Op 31 mei 2017 heeft de Commissie in het kader van het mobiliteitspakket 'Europa in beweging' een omvattend pakket van drie wetgevingsvoorstellen aangenomen betreffende sociale aspecten van het wegvervoer en de interne wegvervoersmarkt in de Unie.

De drie wetgevingsvoorstellen in kwestie zijn:

(1) een voorstel tot wijziging van Verordening (EG) nr. 1071/2009 betreffende de toegang tot het beroep van wegvervoerondernemer en Verordening (EG) nr. 1072/2009 betreffende de toegang tot de markt voor internationaal goederenvervoer over de weg;

(2) een voorstel tot wijziging van Verordening (EG) nr. 561/2006 inzake rij- en rusttijden in het wegvervoer en Verordening (EG) nr. 165/2014 betreffende de tachograaf;

(3) een voorstel tot wijziging van Richtlijn 2006/22/EG inzake minimumvereisten voor de controle op de naleving van de regels inzake rij- en rusttijden en tot vaststelling van sectorspecifieke regels voor de detachering van bestuurders (lex specialis bij Richtlijn 96/71/EG betreffende de terbeschikkingstelling van werknemers en Richtlijn 2014/67/EU inzake de handhaving van Richtlijn 96/71/EG).

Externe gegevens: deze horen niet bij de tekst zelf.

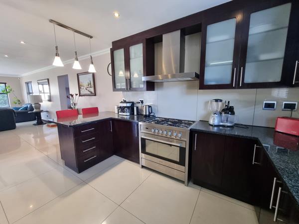 The stylish kitchen features a gas hob and separate scullery, flowing into generous dining and lounge spaces. Two braai rooms add to the homes appeal for year-round gatherings.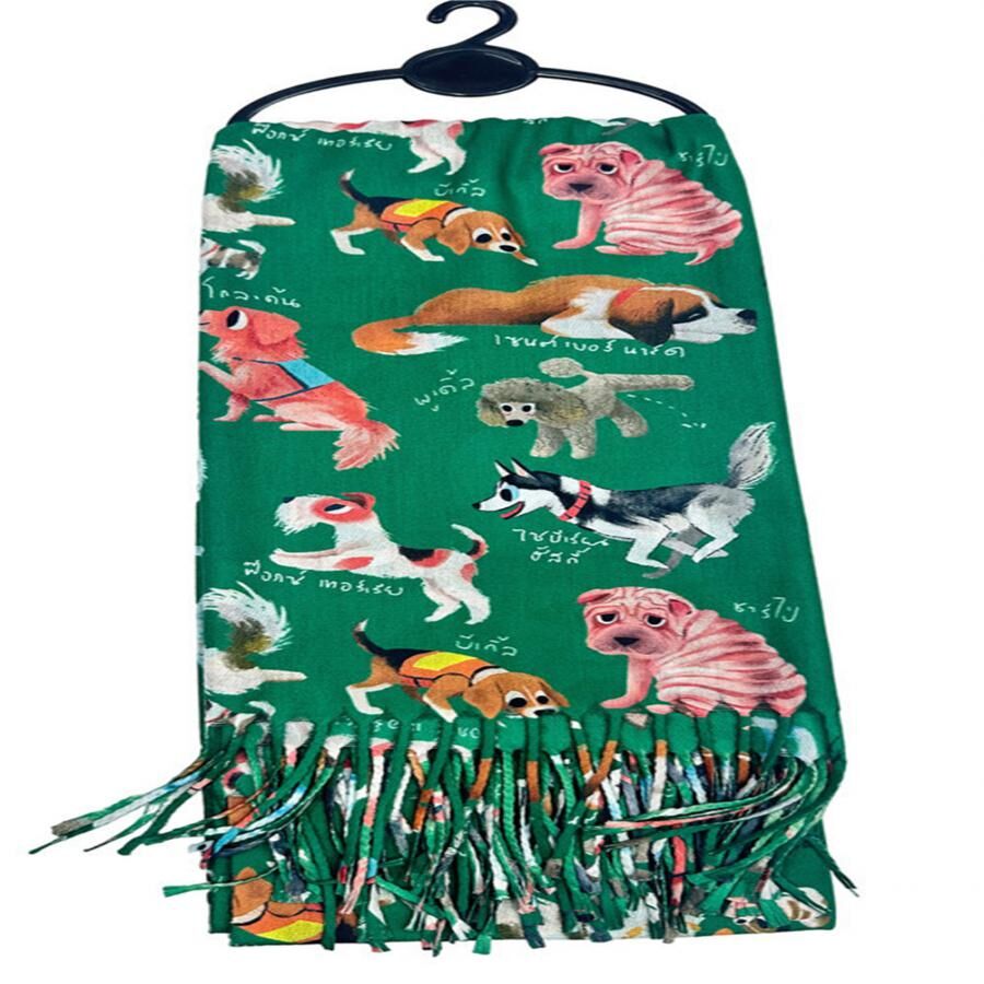 Envuelve tu cuello con el encanto de los mejores amigos del hombre y la suavidad inigualable de esta cautivadora pashmina. Su delicado estampado de razas caninas sobre un fondo verde es ideal para los amantes de los perros, añadiendo un toque de personalidad, ternura y sofisticación a cualquier atuendo. Es el accesorio perfecto para inyectar calidez, estilo y expresar tu pasión por los animales con un toque de color fresco. Material: Tela. Medidas: 68 x 177 x 0.1 cm.

Indiening van het voorstel bij het Europees Parlement en de Raad
(documenten COM(2017)281 final – 2017/0123 (COD), COM(2017)278 final – 2017/0121 (COD) en COM(2017)277 final – 2017/0122 (COD))

1.6.2017
Advies van het Europees Economisch en Sociaal Comité:18.1.2018
Advies van het Comité van de Regio’s:1.2.2018
Standpunt van het Europees Parlement in eerste lezing:4.4.2019
Vaststelling van het standpunt van de Raad:7.4.2020

2. Doel van het voorstel van de Commissie

De voorstellen van de Commissie hebben in het algemeen tot doel de arbeidsomstandigheden en sociale voorwaarden voor werknemers in het wegvervoer te verbeteren en er tegelijk voor te zorgen dat vervoersondernemingen meer op voet van gelijkheid concurreren.

Met haar voorstel tot herziening van de regels inzake de toegang tot het beroep en de markt wil de Commissie de regels in de eerste plaats verduidelijken en vereenvoudigen en de strijd aanbinden met brievenbusmaatschappijen, zonder noemenswaardige inperking van de openstelling van de markt.

Het voorstel tot herziening van de regels inzake rij- en rusttijden en tachografen heeft tot doel sommige bepalingen te verduidelijken en een aantal regels aan te passen aan de veranderende behoeften van de sector. Voorts wordt sterk ingezet op slimme handhaving van de sociale regels in het wegvervoer.

Het voorstel van de Commissie tot herziening van de handhavingsrichtlijn en tot vaststelling van specifieke regels voor detachering in het wegvervoer heeft tot doel een evenredige en adequate toepassing van de detacheringsregels te waarborgen, de handhaving te versterken en de administratieve samenwerking tussen de lidstaten op een meer gestructureerde en efficiënte manier te laten verlopen.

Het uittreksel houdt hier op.